[Material for the task Boundary: Start]

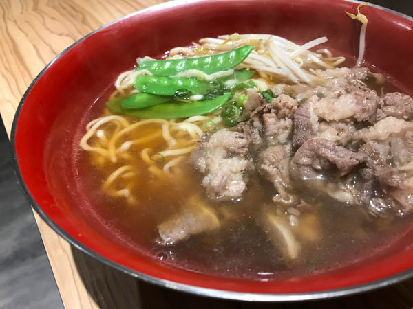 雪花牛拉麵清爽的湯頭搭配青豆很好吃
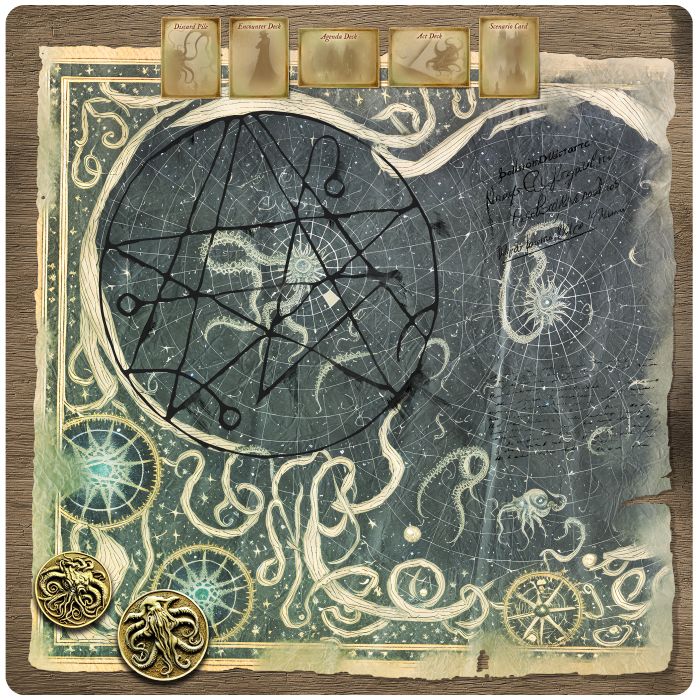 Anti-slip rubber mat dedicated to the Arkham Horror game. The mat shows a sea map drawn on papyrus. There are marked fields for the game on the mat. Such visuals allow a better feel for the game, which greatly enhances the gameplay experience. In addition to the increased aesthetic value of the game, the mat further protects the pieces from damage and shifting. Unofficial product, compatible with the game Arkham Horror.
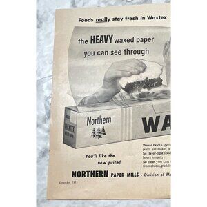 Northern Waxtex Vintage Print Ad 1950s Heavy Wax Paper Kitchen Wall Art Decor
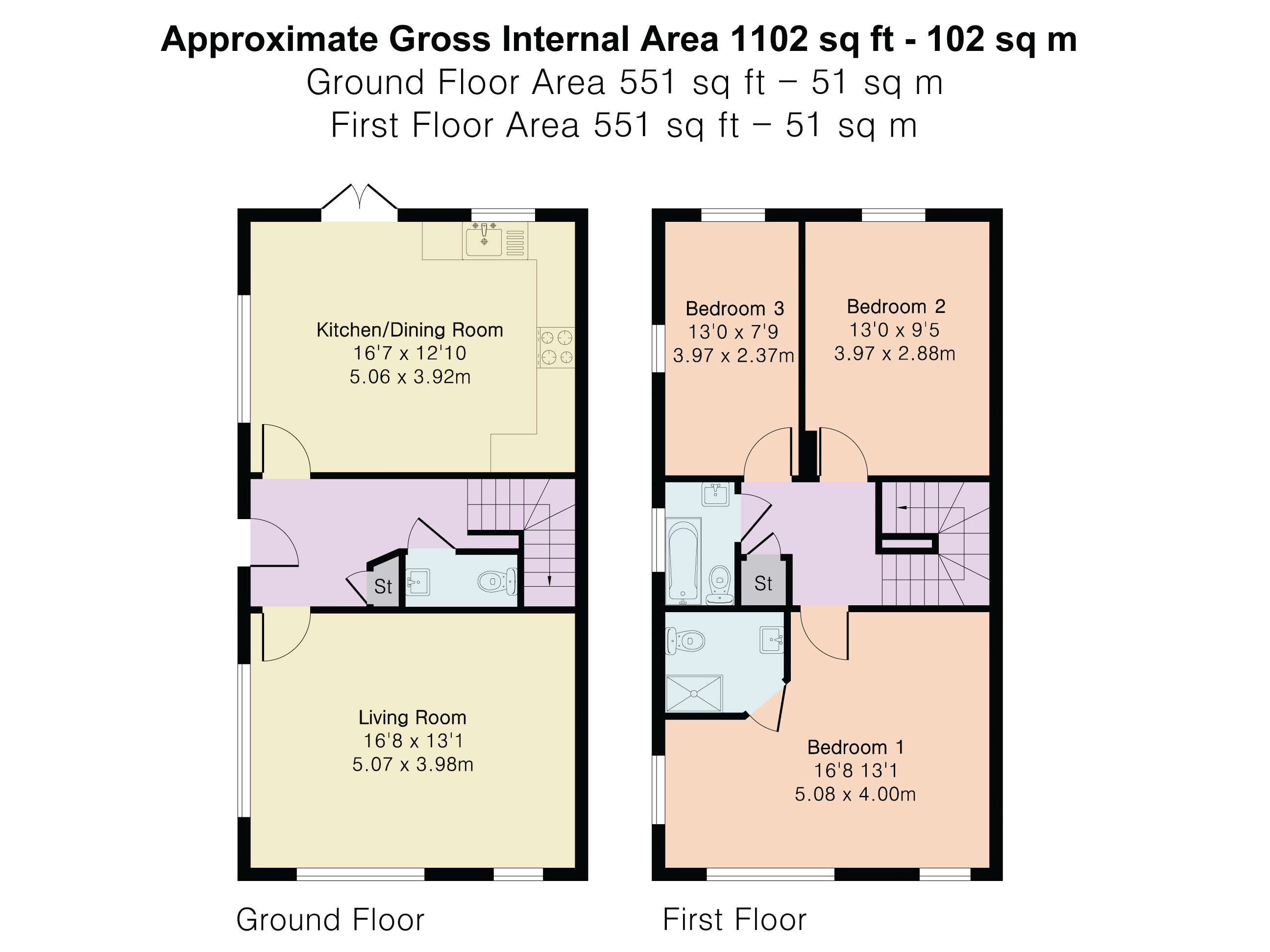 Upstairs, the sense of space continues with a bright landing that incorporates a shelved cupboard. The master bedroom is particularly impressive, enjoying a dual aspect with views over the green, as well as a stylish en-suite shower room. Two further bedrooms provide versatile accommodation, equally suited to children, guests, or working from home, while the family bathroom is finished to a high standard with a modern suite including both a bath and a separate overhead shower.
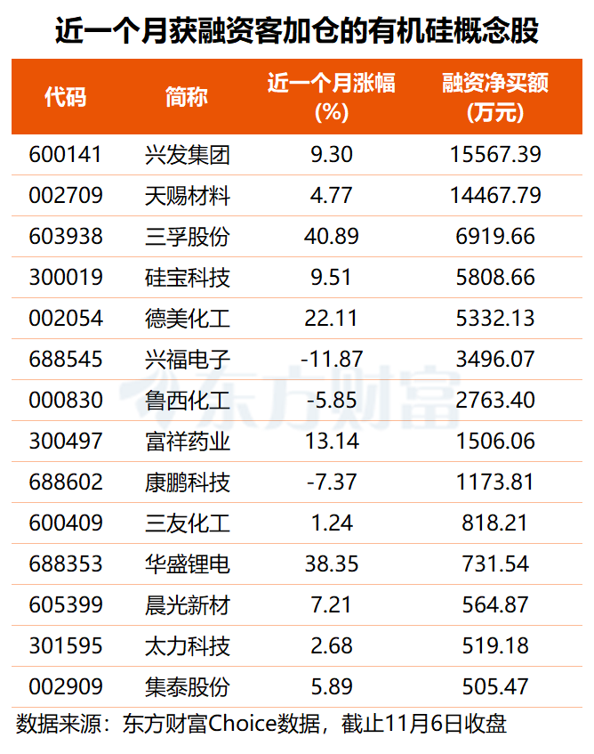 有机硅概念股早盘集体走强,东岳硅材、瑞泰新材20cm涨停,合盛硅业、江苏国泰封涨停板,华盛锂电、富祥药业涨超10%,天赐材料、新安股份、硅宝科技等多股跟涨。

[Material for the task Boundary: End]

__Problem to solve__: Only the lines from the line with "Upstairs, the sense" to the end of the records should be repeated, exactly and without pictures.

__Answer for the task__:
 Upstairs, the sense of space continues with a bright landing that incorporates a shelved cupboard. The master bedroom is particularly impressive, enjoying a dual aspect with views over the green, as well as a stylish en-suite shower room. Two further bedrooms provide versatile accommodation, equally suited to children, guests, or working from home, while the family bathroom is finished to a high standard with a modern suite including both a bath and a separate overhead shower.
 有机硅概念股早盘集体走强,东岳硅材、瑞泰新材20cm涨停,合盛硅业、江苏国泰封涨停板,华盛锂电、富祥药业涨超10%,天赐材料、新安股份、硅宝科技等多股跟涨。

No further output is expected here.